When I was in kindergarten our teacher invited us to do a show and tell. I had taken some time to consider what I wanted to do because the moment felt important. There was a captive audience and I wanted to make it special.

At the time, I had been talking to my Godmother a lot. She had been doing a lot of transcendental mediation, was in the process of relocating to Fairfield, Iowa to a new Maharishi center, and had some of the most beautiful energy I had ever been around. When she spoke, I listened.

So when my time to share in the kindergarten class came, I was 100% clear what I wanted to tell everybody in my class. There was no toy I could show them that could compete with what I had to reveal that day. It was something my Godmother had told me that seemed super important to pass on to everybody. The biggest news I had heard to date.

So as I stood there, in my first big public speaking debut, two braids on either side of my head, a tooth missing, some corduroys and a baseball shirt, I looked at each of them, waiting for them to erupt with excitement and questions, and said:

“What I have to tell you is that you can fly.”

I just stood there looking at everybody waiting to see the joy on their faces. Many of the kids did look interested and curious, though one or two looked confused and in disbelief.

Then, as I was about to elaborate, all of a sudden, my teacher, who was standing on the side of the circle, interrupted, looked at me and said:

“Jenny, you can’t fly. What do you mean?”

I said: “Well, my Godmother knows how to fly. She told me she’s going to teach me. And when I learn, I’m going to teach everybody, so we’ll all know how to fly.”

A couple of kids laughed, though the majority of them were still there with me that day, believing it was possible.

But then, quickly, to my surprise, the teacher looked at me, rolled her eyes, looked at the other students, and declared to everybody:

“Jenny, humans can’t fly. That’s not possible. Only birds can fly” And then she asked me to sit down.

I wish I had the strength at that moment inside that shy and tender five-year-old body, to tell her she was wrong, to tell the kids not to listen to her or any disgruntled and jaded adults, and to talk with me after class about flying.

But instead, I sat down, became very introspective, and for the next 25 years struggled with public speaking and barely spoke about the magic that so many of the people in my life had shared with me.

The external environment we are living in on the planet right now is rife with kindergarten teachers who are doing way worse than the one I name in this email.

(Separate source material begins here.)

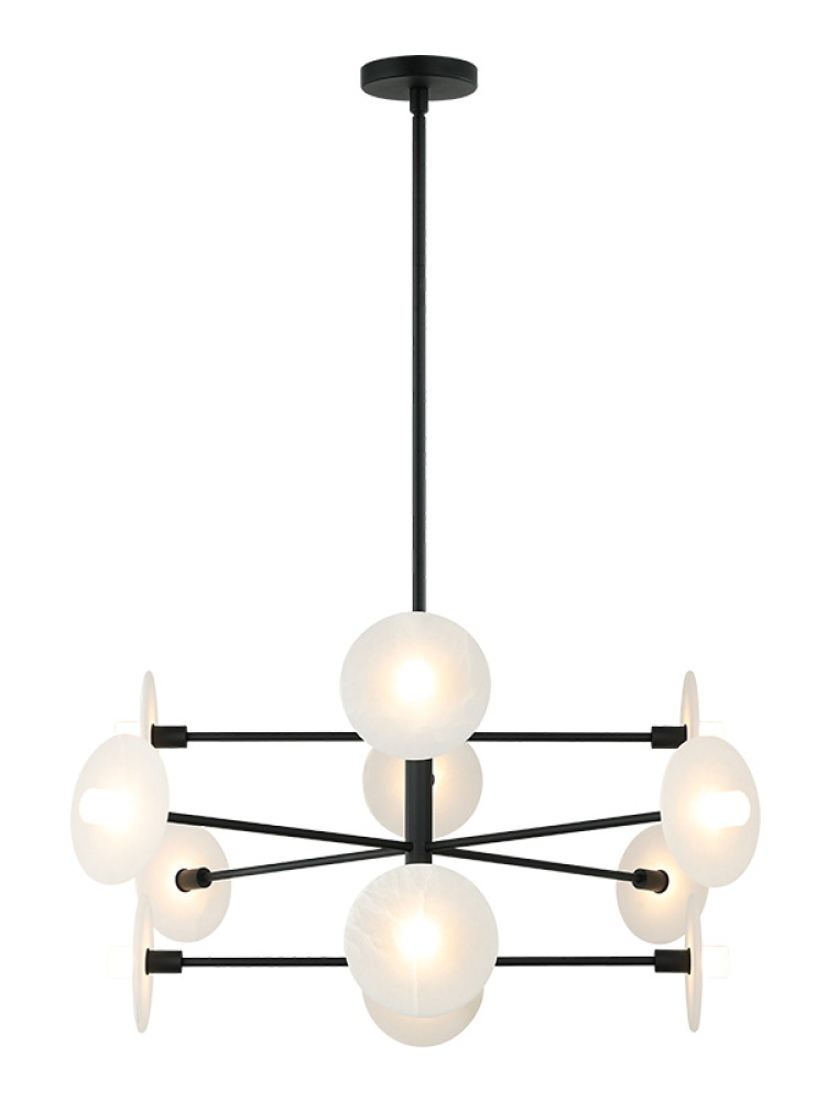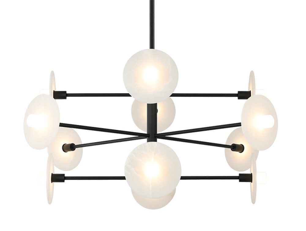 Monument A bold fusion of modern geometry and soft illumination, Monument brings transitional artistry to life with its sculptural arrangement of frosted acrylic and alabaster disc shades. Each hand-cast–style diffuser emits a warm, inviting glow that enriches both ambiance and visual depth. Available in Champagne Gold and Matte Black finishes. LIGHTBULBS NOT INCLUDED

And what I’ve found is that life is a journey back to our essence and a coming home into our power, gifts, and sunshine.

There’s an opportunity and a responsibility to get back on track with those to complete our missions and to support others who are on this planet with us.

Right now, the world and the people in it desperately need us back on track, aligned with our knowing, wisdom, light, and flight.

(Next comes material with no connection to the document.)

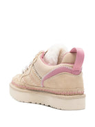 Elevate your everyday style with the Ugg Lowmel Meadow Sneakers, a perfect blend of comfort and contemporary design. Crafted from premium 100% suede leather with a durable rubber sole, these low-top sneakers feature luxurious fleece lining and playful pink accents that add a feminine touch to the neutral beige colorway.

It’s not a coincidence that my Godmother sent me this photo and simple text yesterday that read:

“I caught a rainbow for you.”

And that’s what she has been for me.

A rainbow light under which I have been accepted and loved with all of my parts.

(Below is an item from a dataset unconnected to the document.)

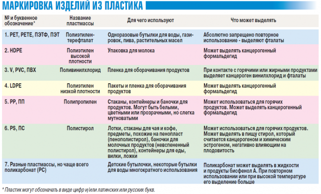 С точки зрения токсичности менее других опасны полиэтилен или полипропилен. Но при контакте с горячим они тоже могут выделять канцероген формальдегид. А вот такие пластические вещества, как полистирол, поливинилхлорид и другие, реально опасны. Они могут выделять серьезные канцерогены, а также фталаты и бисфенол А. Вы можете без труда определить, с каким пластиком сталкиваетесь в том или ином продукте - бутылке с водой, упаковке пищевых продуктов, пластмассовой посуде и т. д. Дело в том, что практически все изделия из пластика имеют маркировку в виде цифр или букв, которую надо уметь читать. Обычно ее указывают внутри треугольничка со стрелками (см. таблицу).

We can be that for each other and for ourselves.

We can put the wounded in our community under the rainbow light in our hands.

We can take turns picking each other up when we fall out of the light.

We can remind one another that we can continue to fly and shine, no matter what happens out there.

We can be the oasis for our lesbian and queer hearts & souls to find refuge to get back on track.

We can be that for ourselves when we put ourselves in the rainbow light offered by that beautiful sun outside and then offer some up to somebody else.